QOL is hard to measure on a prospective basis, meaning as you move through time. Using retrospective quality assessment, especially family members saying hospice helped my loved one and me through a hard time, hospice passes the market test as around half of all Medicare beneficiaries who die do so while using hospice. We know that. However, we need better measurement of quality of hospice care if we are going to get the incentives right in Medicare hospice policy. How quality changes and improves by length of hospice use is very important if we are going to determine the optimal period of hospice use from a QOL perspective.

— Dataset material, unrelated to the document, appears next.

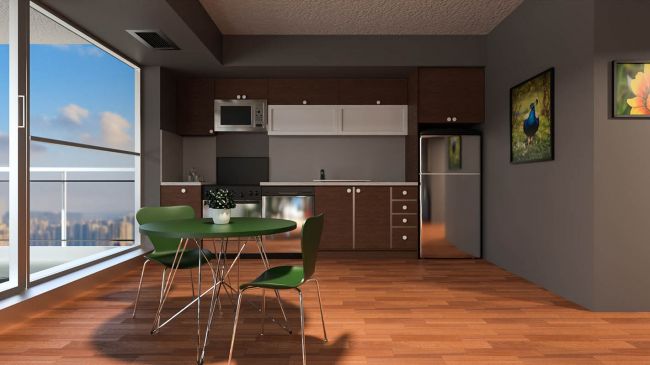 Complete condominium unit: living room, kitchen, bedroom

The worries about increasing length of hospice in the Medicare program are focused on the long periods of use, which is understandable because hospice has long held out hope (and some evidence) of an intervention that helps patients and reduces Medicare expenditures. I think that often groups such as MEDPAC and Congress focus so much on long hospice stays because it helps drive a narrative that one way to reduce costs is just to stop people from abusing the system. I am against abuse of the system, but we won't 'waste fraud and abuse' (WFA) our way out fo the overall cost problem our country faces, and too much focus here just lets us avoid harder issues.

Focus on WFA and long stays in hospice generally is inevitable, and correct, but we need to keep in mind that there is more than one problem (long stays) to be considered in trying to get the incentives correct in hospice. Short stays in hospice may also represent a problem.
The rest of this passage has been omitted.